Modernist Cuisine's Maxime Bilet Takes His Next Futuristic Step

Oct 10, 2012 11:01 am

On leaving The Lab, the future of food and more

Maxime Bilet recently left The Cooking Lab to bring his Modernist message to the masses.
Maxime Bilet recently left The Cooking Lab to bring his Modernist message to the masses.
 
Bilet will team up with Food Republic co-founder Marcus Samuelsson for a dinner in Harlem next week, dubbed "The Future of Taste."
Bilet will team up with Food Republic co-founder Marcus Samuelsson for a dinner in Harlem next week, dubbed "The Future of Taste."
 

Maxime Bilet is coming off an incredible run, having spent nearly five years in Seattle at The Cooking Lab, co-authoring Modernist Cuisine with Nathan Myhrvold and Chris Young, and helping kickstart the conversation about the future of food and cooking. What's he gonna do for an encore?

For starters, he'll take his show on the road, aiming to educate and advocate, to show the world how the techniques he's been developing in the Lab can both improve home cooking and do a better job of feeding the world. One of his first stops is Harlem on Monday, October 15, where he'll team up with Food Republic co-founder Marcus Samuelsson for a one-night-only dinner called "The Future of Taste," downstairs from Red Rooster at Ginny's Supper Club (a few tickets are still available for this six-course tasting menu).

Here, Bilet tells us about what's he's got cooking... 

How has it been being on your own since leaving The Cooking Lab a month ago?
It's been great enjoying some freedom and a LOT of sleep.
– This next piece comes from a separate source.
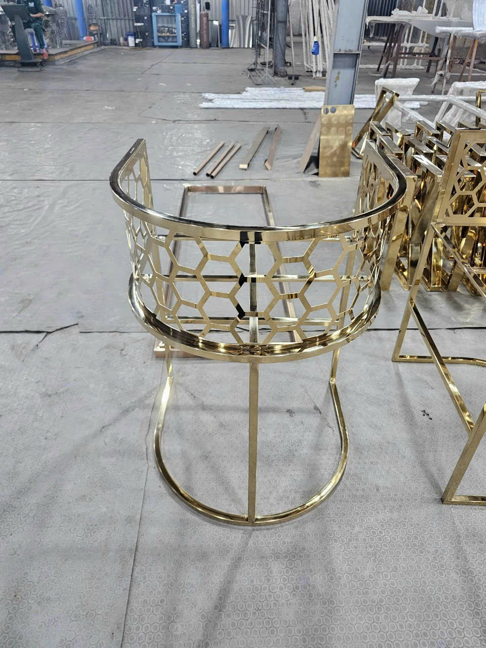 Hình ảnh gia công ghế đôn inox mạ vàng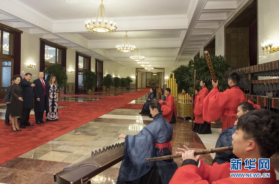 9日,习近平和夫人彭丽媛还同特朗普夫妇在人民大会堂欣赏了文艺表演。

I was ready for a change. I've been exploring my vision of modern food within the context of social advocacy and educating kids to have a healthier experience with food.
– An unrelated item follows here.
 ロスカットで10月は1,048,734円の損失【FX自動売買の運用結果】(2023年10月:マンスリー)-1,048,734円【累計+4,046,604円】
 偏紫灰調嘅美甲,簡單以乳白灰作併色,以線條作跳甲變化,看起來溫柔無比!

How would you describe your five years with Nathan and the Lab?
Incredible. Transforming. During my five years leading the Culinary Lab I was able to learn and create such an incredible variety of techniques and dishes. As an artist I had always rejected the scientific perspective, but that has all changed now. Nathan gave me an opportunity to open my mind to the benefit of studying the whole spectrum of cooking and food. The truth is that the scientific process is a very creative one, and the more you know, the more your capacity as an artist is expanded.

What will you be cooking with Marcus in Harlem?
We'll be cooking some modernist inspirations of Marcus' food and the classic foods of Harlem. I'll be working on  an interpretation of chicken and waffles and steak and grits with some very fun twists. I will also cook a dish of root vegetables seasoned with a Berbere-infused oil, which is a staple seasoning of Ethiopian cooking.

Do you think big-name chefs like Marcus are ready to incorporate some of the science-based techniques you've been working on over the years?
Absolutely. Marcus' food is already so refined. What modern techniques provide is both a practical aspect to making sure quality is extremely consistent and just as importantly it offers a new creative avenue, which is what all great chefs are looking for. We all want to push boundaries and examine new possibilities for flavor, texture and the experience of eating.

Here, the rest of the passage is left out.